Carrier Context:
Unique Projects


  Environmental Controls :
  Ensuring A Brilliant Future

Since there are better things to look at within the chapel, the 92 sensors (40 of them for redundancy's sake) that continually monitor air temperature, dewpoint and wall and ceiling surface temperatures are virtually invisible. The 26 kilometers of control wiring connecting the sensors to the system's computer-based controls also are hard to detect.

Two computer terminals, one sitting on a table in the Vatican's power station a five-minute walk away and the other residing with the Vatican's restoration scientists, merely allow humans to "talk" to the system and get information from it. The actual orchestration of the air conditioning system's separate elements, based on information being received from the sensors, is handled by microprocessor-based electronic controls distributed throughout the system.

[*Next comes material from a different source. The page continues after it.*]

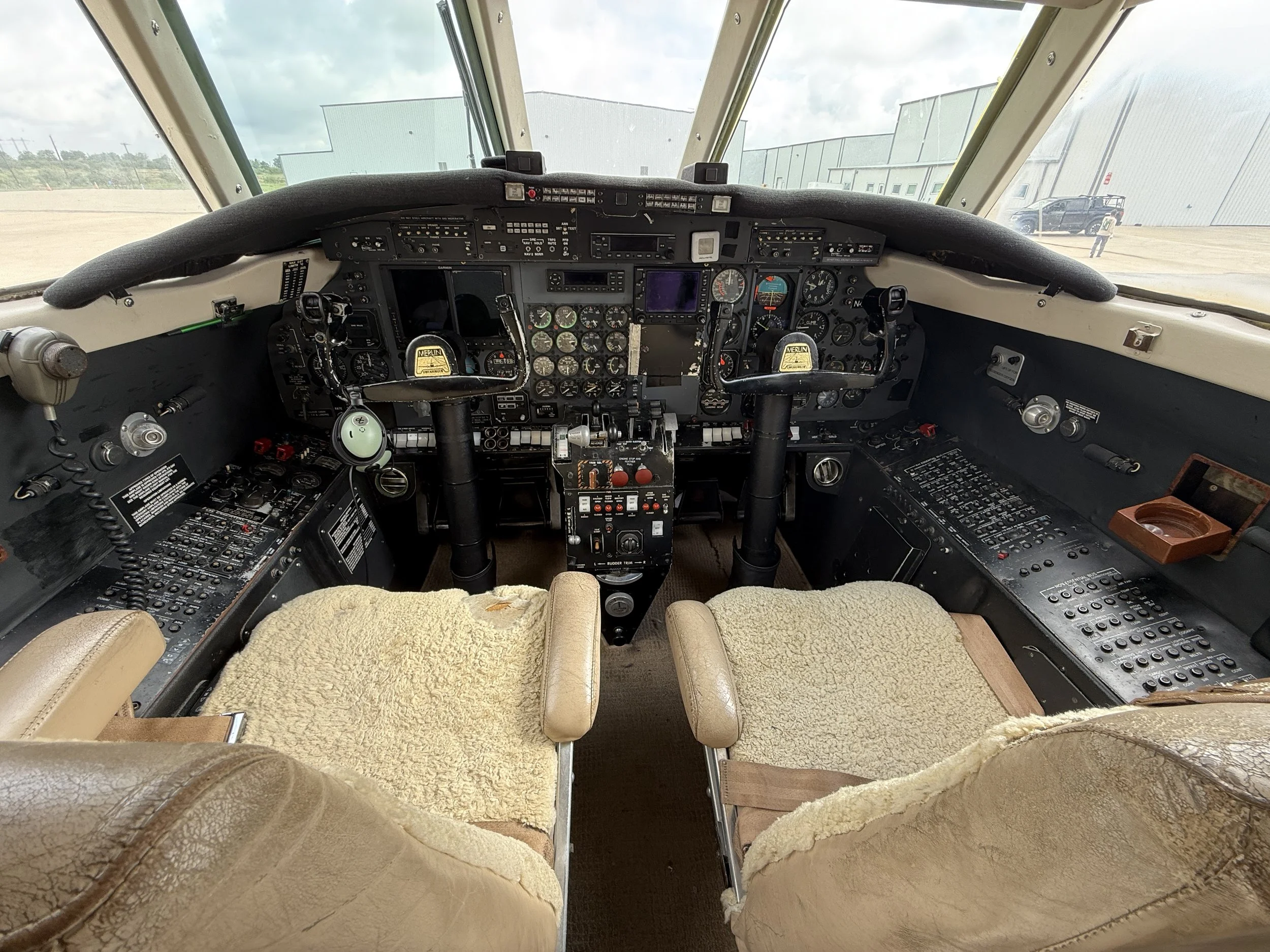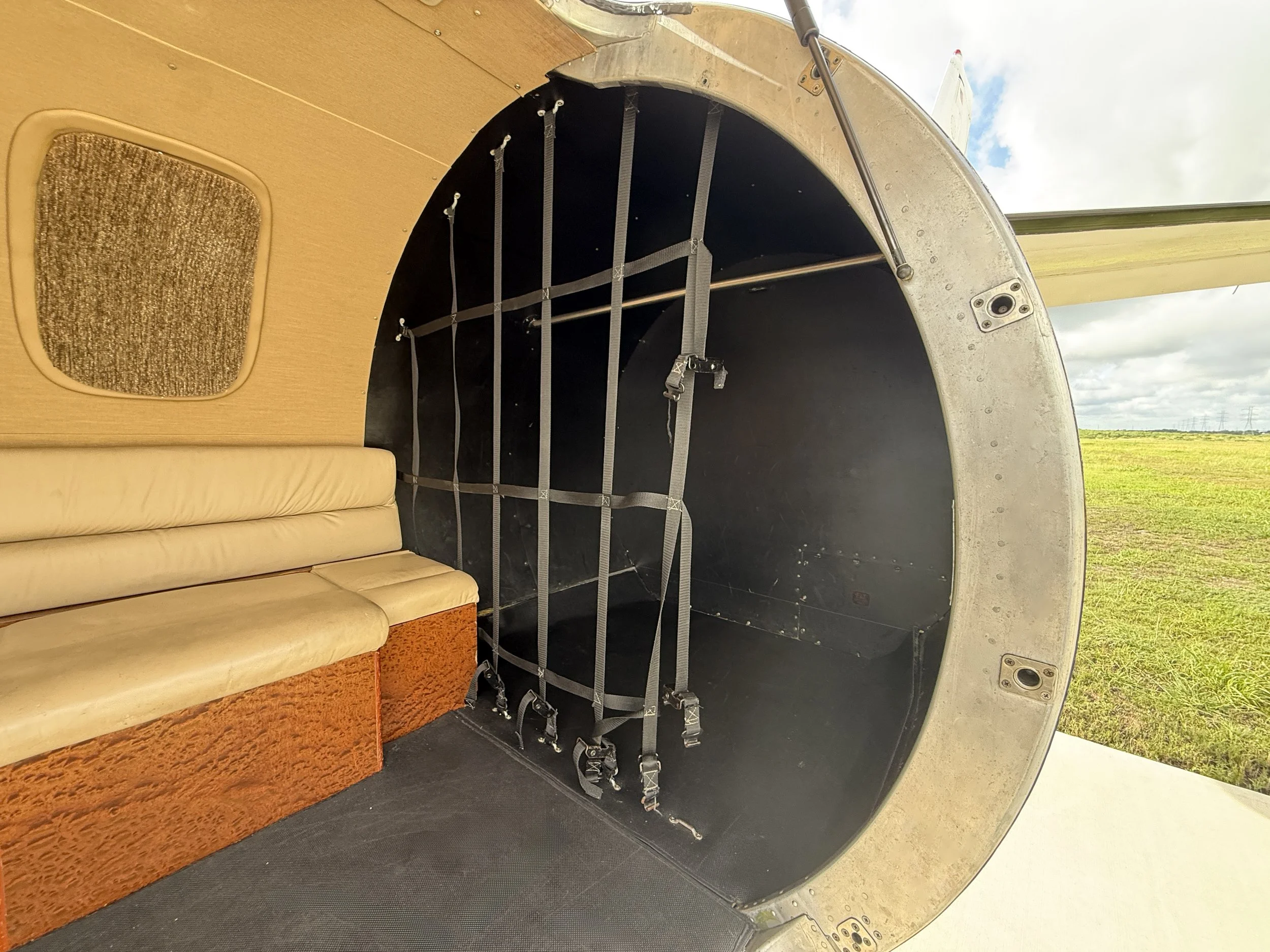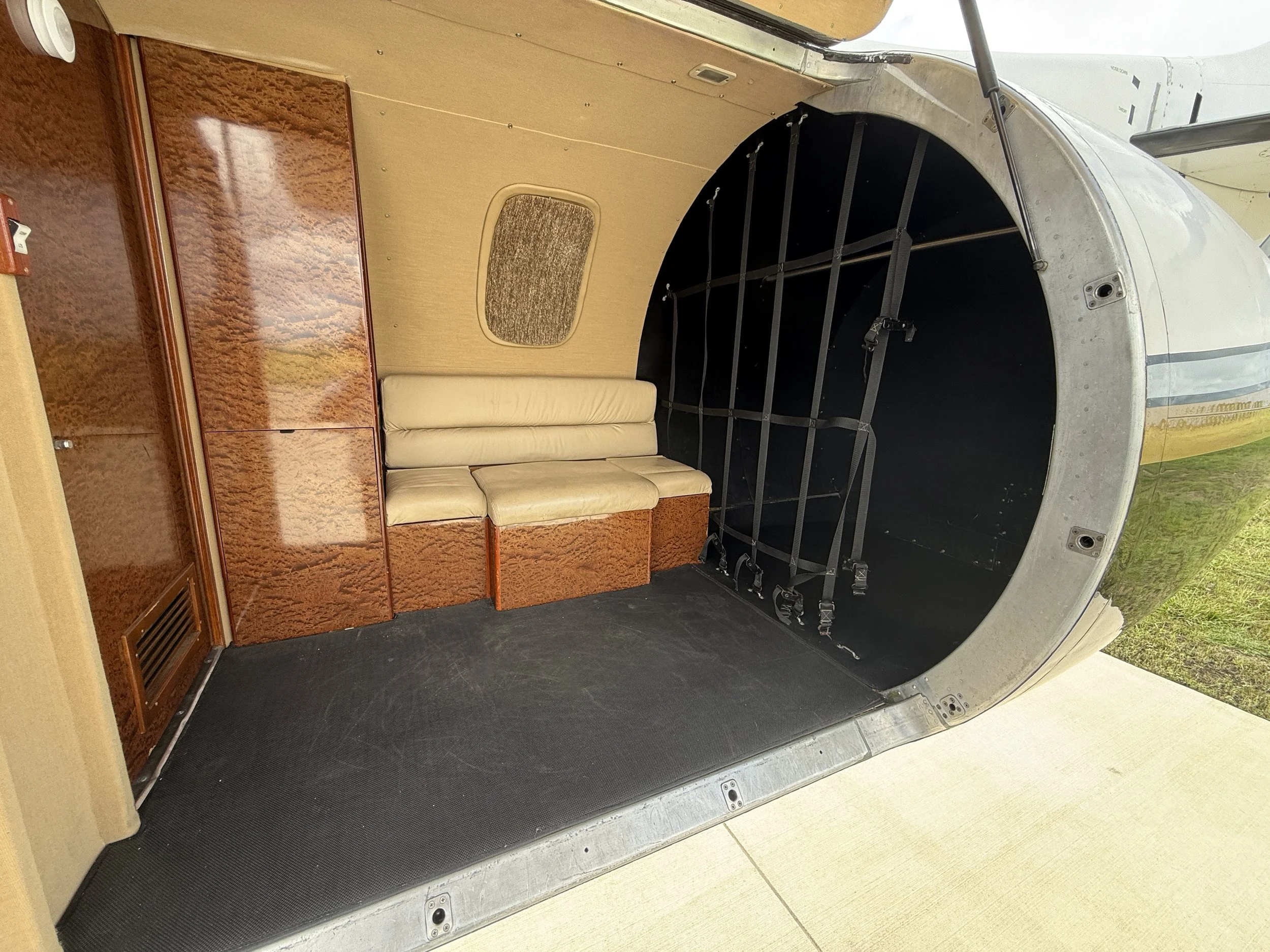 Inside, it’s configured for 12 passengers in a clean tan leather layout with club seating and a three-place divan. With the galley removed, the cabin feels more open and easier to move through—great for short legs and quick turns. And thanks to the large aft cargo door, loading gear or luggage is quick and painless. A fully enclosed lav adds comfort for longer missions.

If sensors in the chapel indicate the humidity is rising during a tourist-filled Roman summer day, the electronic control for the air handling unit determines that moisture must be removed from the air by cooling it, since cooler air carries less moisture.

That control signals its counterpart near a Carrier water chiller, located two floors below the chapel, to begin producing cold water. Other controls on the circuit open valves and start pumps that send the water through pipes on the outside of the chapel's south wall to the air-handling unit manufactured by Carrier S.A. in France. Outdoor air pulled into the air handler passes over pipes containing the cold water and is dehumidified. The temperature of the dehumidified air is then readjusted to the proper setting by an independent control circuit.